Department of Statistics, University of Rajshahi, Rajshahi, Bangladesh.
Department of Statistics, Bangabandhu Sheikh Mujibur Rahman Science and Technology University, Gopalganj, Bangladesh.
Comput Methods Programs Biomed. 2017 Dec;152:23-34. doi: 10.1016/j.cmpb.2017.09.004. Epub 2017 Sep 8.
Diabetes is a silent killer. The main cause of this disease is the presence of excessive amounts of metabolites such as glucose. There were about 387 million diabetic people all over the world in 2014. The financial burden of this disease has been calculated to be about $13,700 per year. According to the World Health Organization (WHO), these figures will more than double by the year 2030. This cost will be reduced dramatically if someone can predict diabetes statistically on the basis of some covariates. Although several classification techniques are available, it is very difficult to classify diabetes. The main objectives of this paper are as follows: (i) Gaussian process classification (GPC), (ii) comparative classifier for diabetes data classification, (iii) data analysis using the cross-validation approach, (iv) interpretation of the data analysis and (v) benchmarking our method against others.

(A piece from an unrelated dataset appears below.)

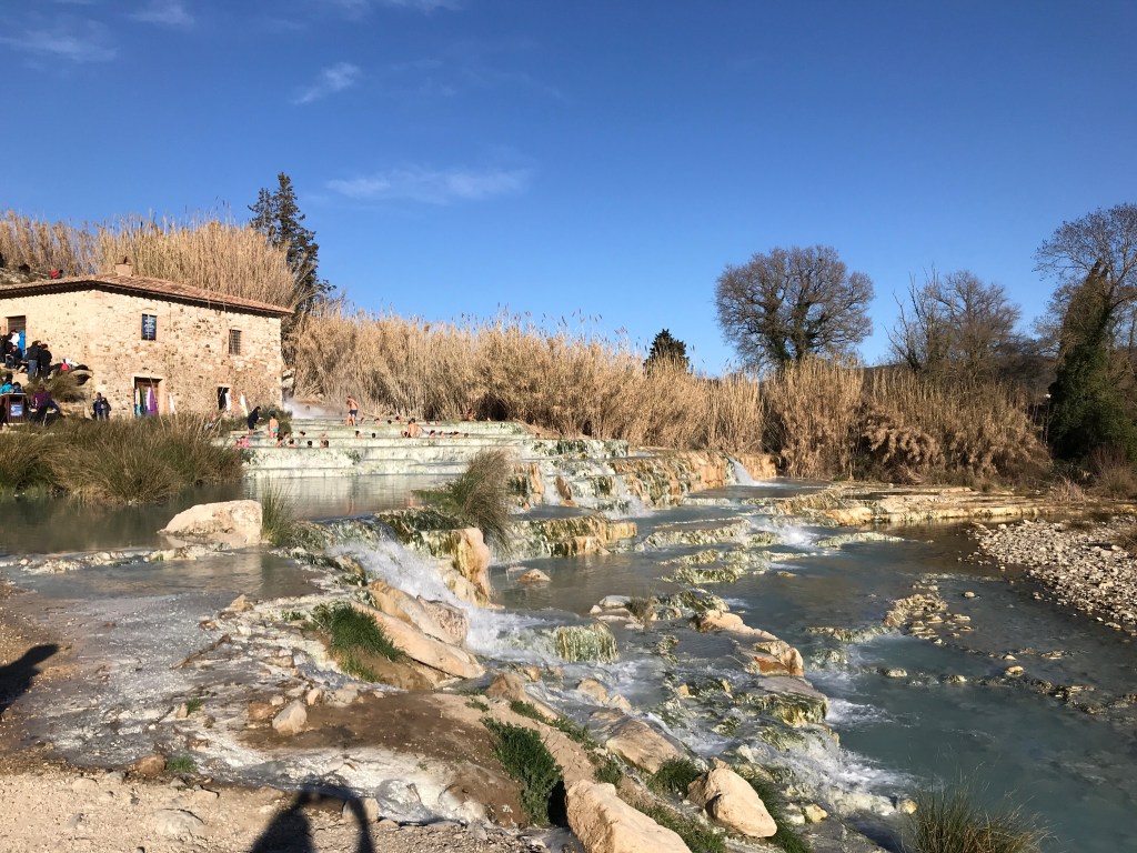 The windy cold kept Marty and his cold from the hot springs. I feel a major accomplishment after months of anticipation. People in down coats to left of shot.

To classify diabetes, several classification techniques are used such as linear discriminant analysis (LDA), quadratic discriminant analysis (QDA), and Naive Bayes (NB). However, most of the medical data show non-normality, non-linearity and inherent correlation structure. So in this paper we adapted Gaussian process (GP)-based classification technique using three kernels namely: linear, polynomial and radial basis kernel. We also investigate the performance of a GP-based classification technique in comparison to existing techniques such as LDA, QDA and NB. Performances are evaluated by using the accuracy (ACC), sensitivity (SE), specificity (SP), positive predictive value (PPV), negative predictive value (NPV) and receiver-operating characteristic (ROC) curves.
Pima Indian diabetes dataset is taken as part of the study. This consists of 768 patients, of which 268 patients are diabetic and 500 patients are controls. Our machine learning system shows the performance of GP-based model as: ACC 81.97%, SE 91.79%, SP 63.33%, PPV 84.91% and NPV 62.50% which are larger compared to other methods.
糖尿病是一种无声的杀手。这种疾病的主要原因是存在过多的代谢物,如葡萄糖。2014 年,全球约有 3.87 亿糖尿病患者。据世界卫生组织(WHO)统计,到 2030 年,这一数字将翻一番以上。如果有人能够根据一些协变量从统计学上预测糖尿病,那么这种疾病的经济负担将大大降低。虽然有几种分类技术,但糖尿病的分类非常困难。本文的主要目的如下:(i)高斯过程分类(GPC),(ii)糖尿病数据分类的比较分类器,(iii)使用交叉验证方法进行数据分析,(iv)数据分析的解释,(v)将我们的方法与其他方法进行基准测试。
为了对糖尿病进行分类,使用了几种分类技术,如线性判别分析(LDA)、二次判别分析(QDA)和朴素贝叶斯(NB)。然而,大多数医学数据表现出非正态性、非线性和固有相关性结构。因此,在本文中,我们采用了基于高斯过程(GP)的分类技术,使用了三种核函数:线性、多项式和径向基核函数。我们还研究了基于 GP 的分类技术与 LDA、QDA 和 NB 等现有技术的性能比较。使用准确性(ACC)、敏感性(SE)、特异性(SP)、阳性预测值(PPV)、阴性预测值(NPV)和接收者操作特征(ROC)曲线来评估性能。
以 Pima 印第安人糖尿病数据集为研究的一部分。该数据集包含 768 名患者,其中 268 名患者患有糖尿病,500 名患者为对照组。我们的机器学习系统显示,基于 GP 的模型的性能为:ACC 81.97%,SE 91.79%,SP 63.33%,PPV 84.91%和 NPV 62.50%,均优于其他方法。